Granny’s so peeved about Marc’s luxury resort stay in prison that her dentures suddenly come flying out and fall toward the floor. Camilla and A-Block ‘MEEP’ in unison and do diving football catches. Luckily Camilla nabs it and the two frantically shove them back in her mouth as Mr. Green takes the lead to keep things rolling.
”BAHAHAHAHA! Mr. Newton, you’ll have to excuse the vivacious Granny Maw here. She’s cranky and rightfully so. Be that as it may be, allow me to extend an olive branch of sorts. You’ve done some great things with M.A.N. Global.
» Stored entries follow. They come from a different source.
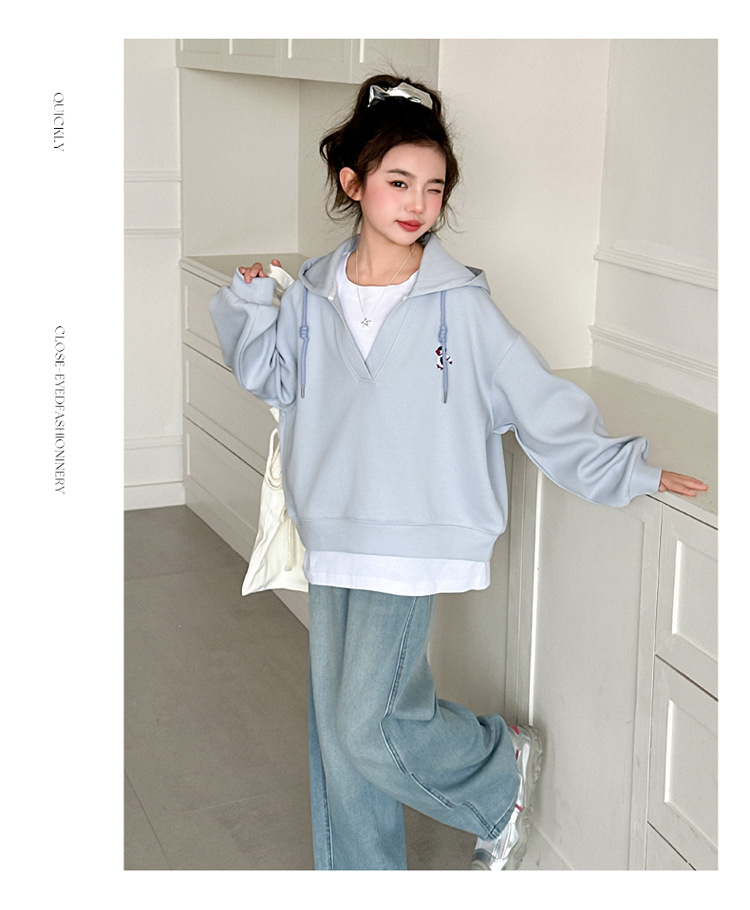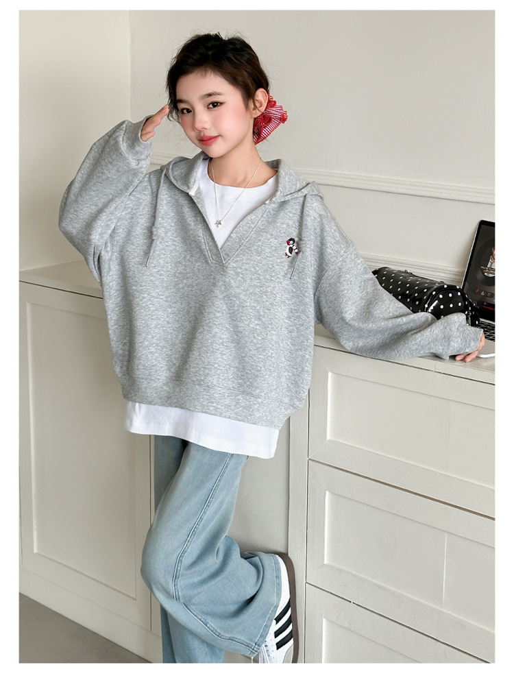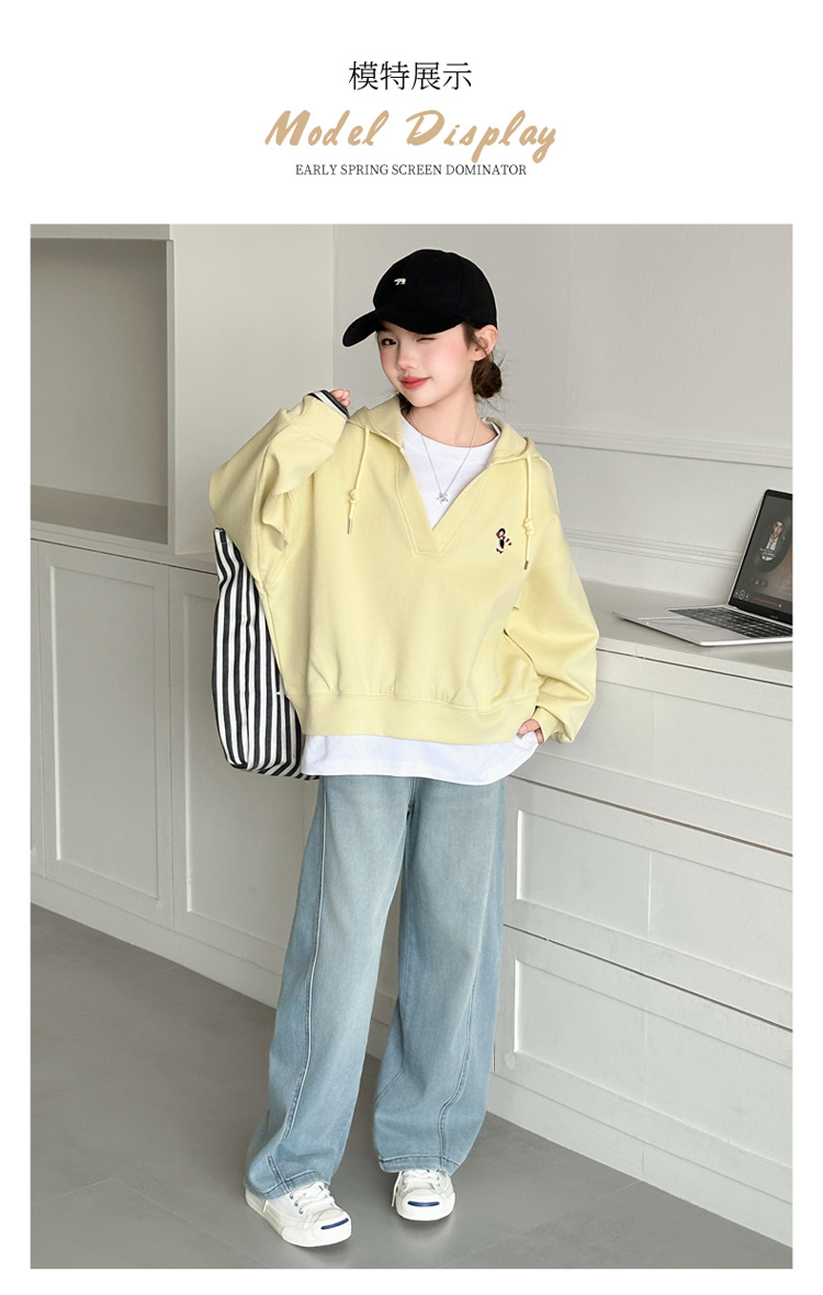소녀 세트 2025 봄 원피스 소녀의 최고 유행 청바지 큰 소년의 봄과 가을 더블 레이어 가짜 투피스 후드 스웨트 셔츠스토어 가기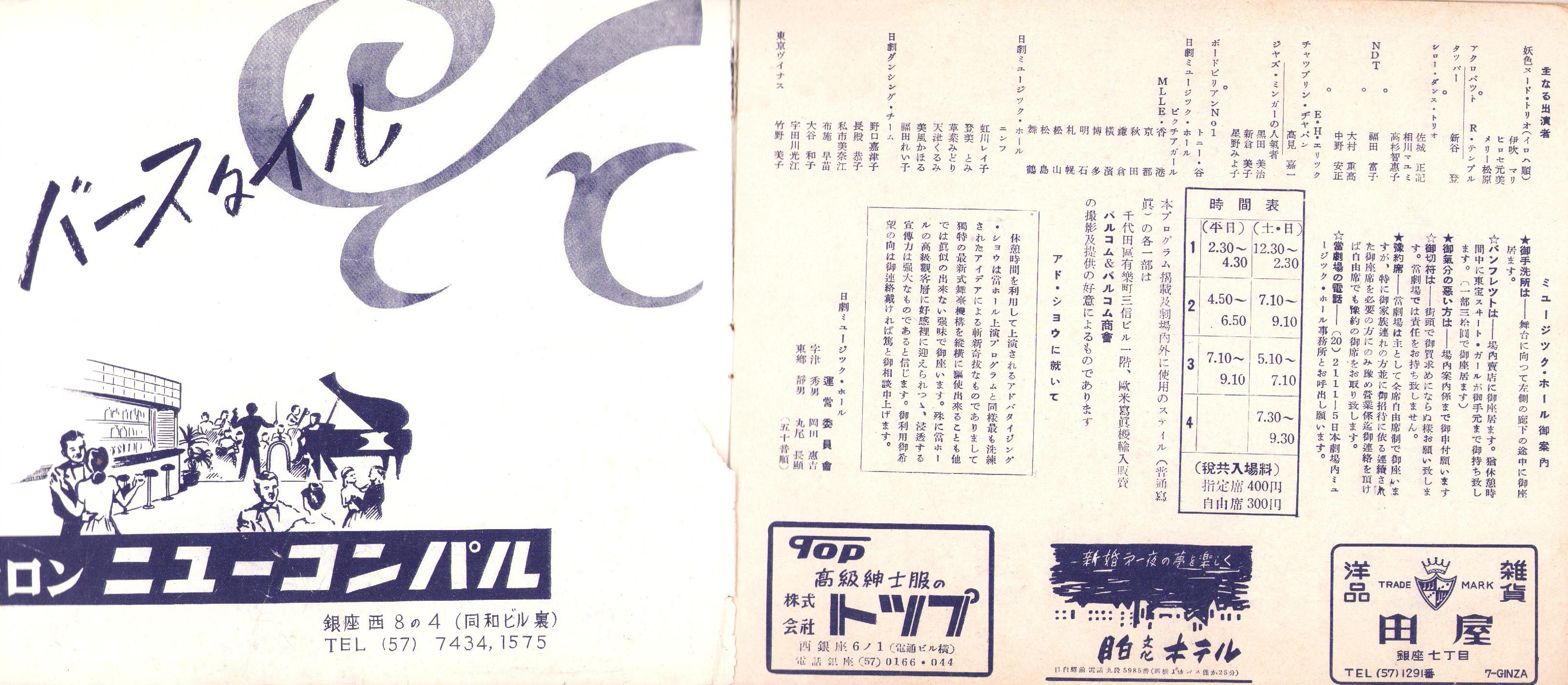 (演劇パンフレット)日劇ミュージックホール -Million Love Follies- 昭和27年9月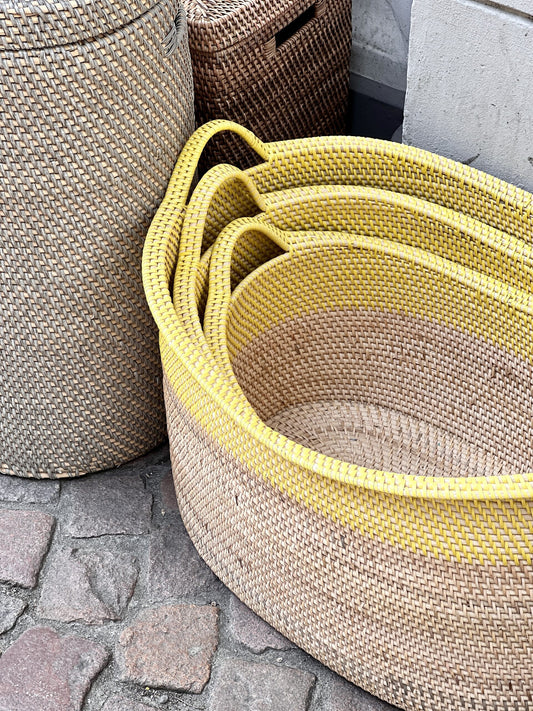 Bambuskurv - Oval to-farvet kurv i gul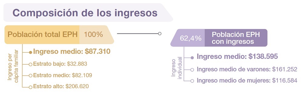 El ingreso promedio per cápita del total de la población alcanzó los 87.310 pesos, mientras que la mediana del ingreso per cápita fue de 65.500 pesos: es decir la mitad de la población encuestada cobra hasta esa suma de dinero.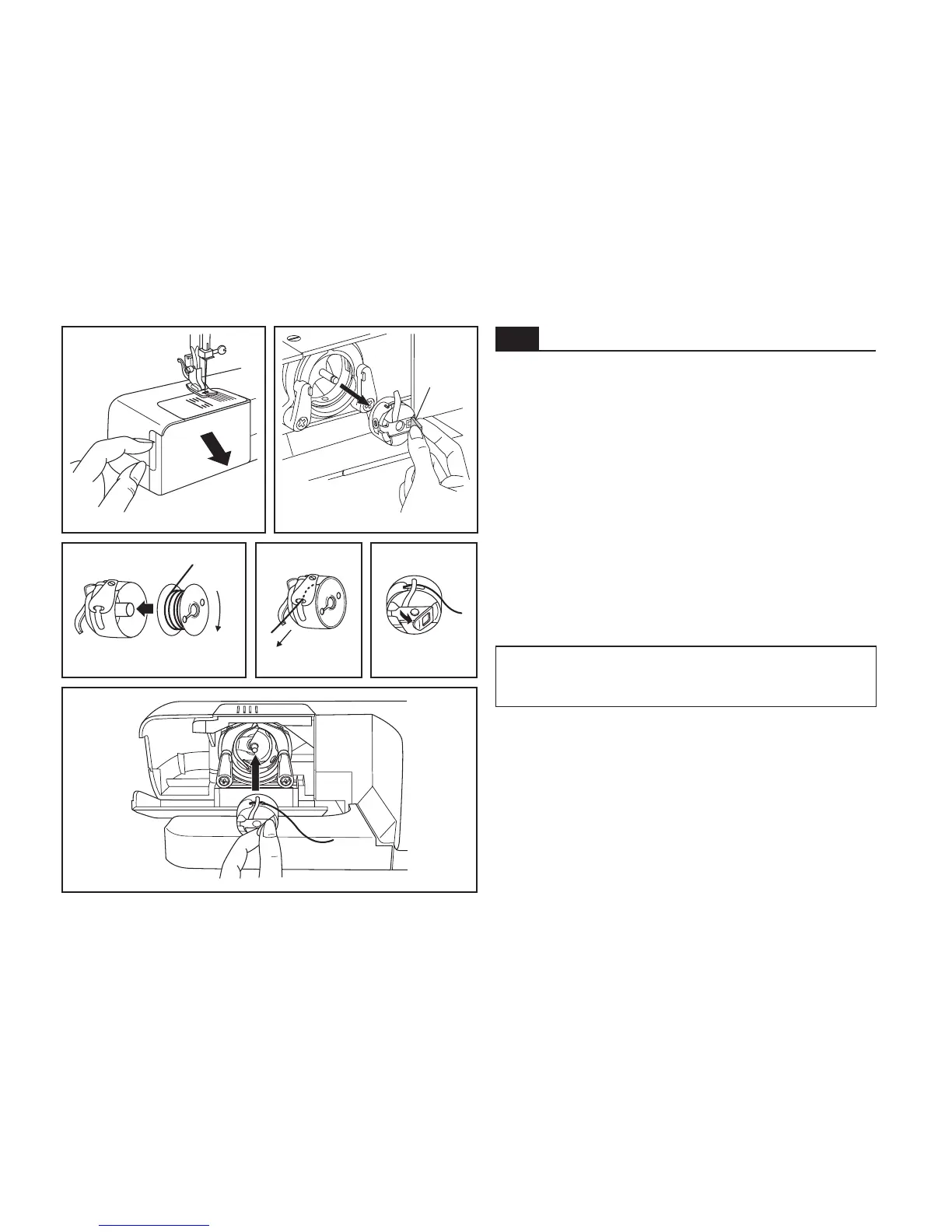 When inserting or removing the bobbin, the needle must be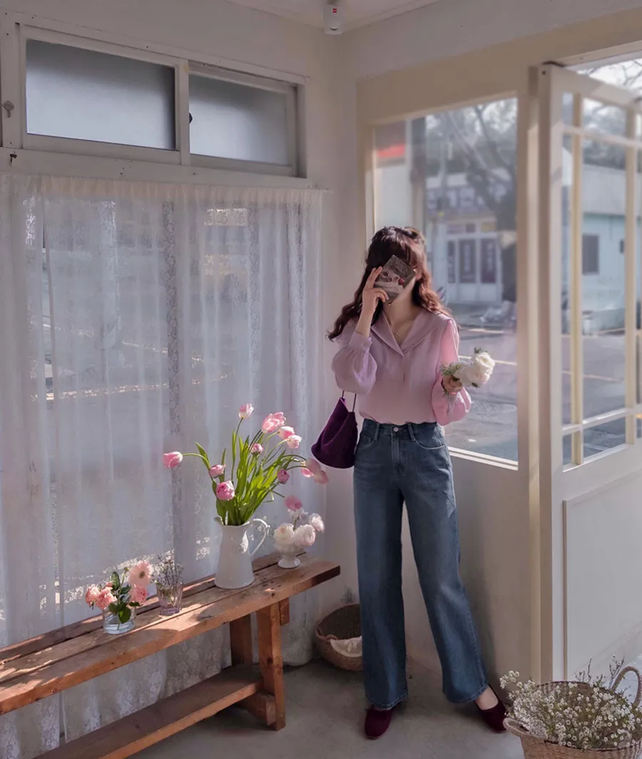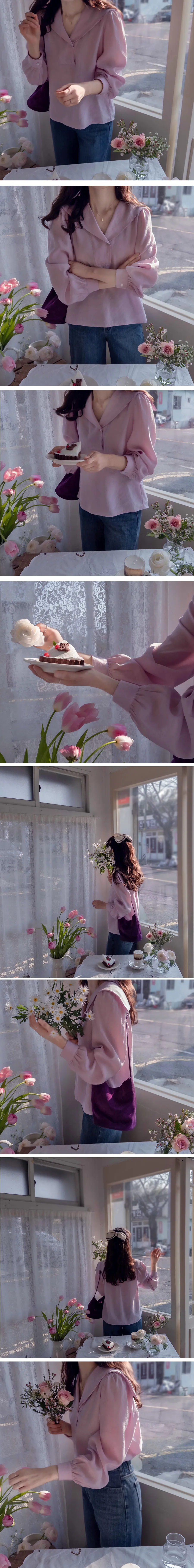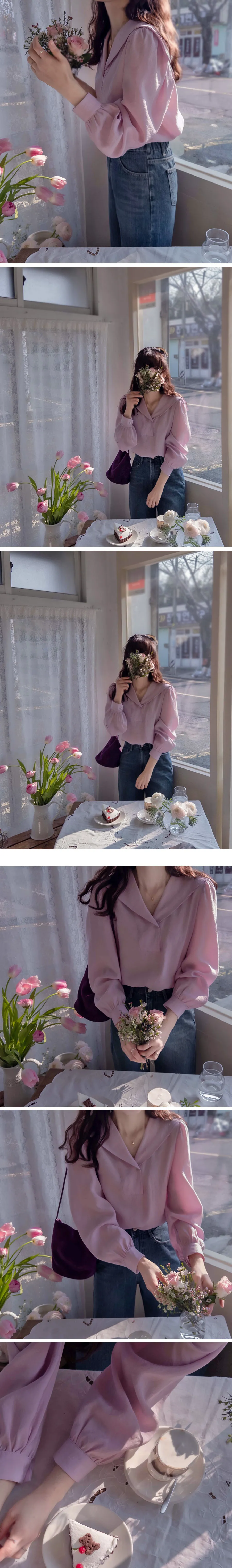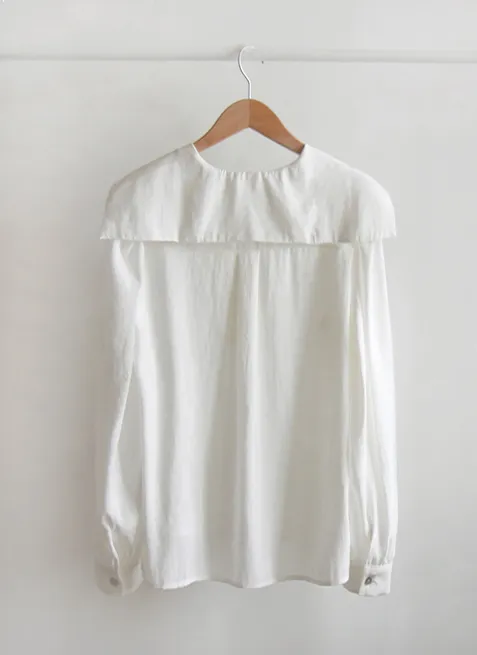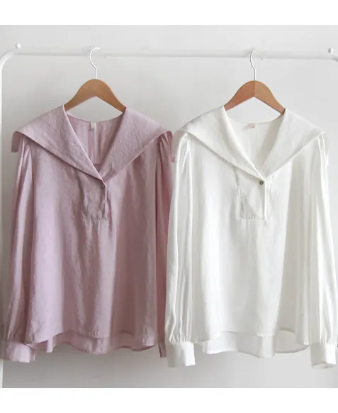 【含有87%莫代爾的奢華面料】【正面是半圓領口,背面水手領的可愛感覺】【在一起營造出精緻的心情】【肩線剪裁也很漂亮】【明亮又迷人優雅合身推薦作為春季可愛的上衣

You know your way around money and business. You know how to market yourself. Even if one of your three wins came because of a random Joseph Blaze appearing and snuffing out your opponent, I can still respect that. Maw even respects that, although she may not think too highly of you currently. So, what do you say about doing some business together after Maw gets done pedaling you pillar to post this Tuesday in 2300 Arena? You love money. We love money. You love wrestling. We love wrestling. You love challenges in the business world. We love challenges too. After Maw beats you Tuesday night, things will be water under the bridge. Trust me. Let us know if you want to roll.”
Mr. Green belts an impressive laugh and adjusts his ostentatious money themed suit. Maw waves them off and nudges A-Block to get some words in while she’s still dealing with her dentures.
”Yo check it, sucka.”
The burly enforcer slams his bowling ball of a fist into open palm.
”Word from the birds is that you been calling in some homies from over the big pond lately. No doubt they gonna be lurking when Maw’s out there doing her thang. You betta recognize we ain’t no clerk you can rang-a-bang and bury in a desert. If yall pull up like that on Maw, we gonna split that wig and canoe those pretty boy shit-flaps. Beli-”
”And lemme tell ya somethin’ else, Marc. Maw ambles back into the fray of words, completely cutting off A-Block.
”I didn’t sit on my ass for 38 years in prison. I was clangin’ and bangin’ in the gym yard. I ain’t no discount coffee granny. I’m old but I can go. And if I ever see I can’t go, I’ll Freebird my grandgirl in and she’ll go buck wild on some ass. Oh and if that dish-water blonde of yours butts in, well, heh-heh, A-Block here will show her what a real man feels like.”
Maw points a wrinkled finger at the lens as they all just laugh and laugh and laugh until the scene goes to black.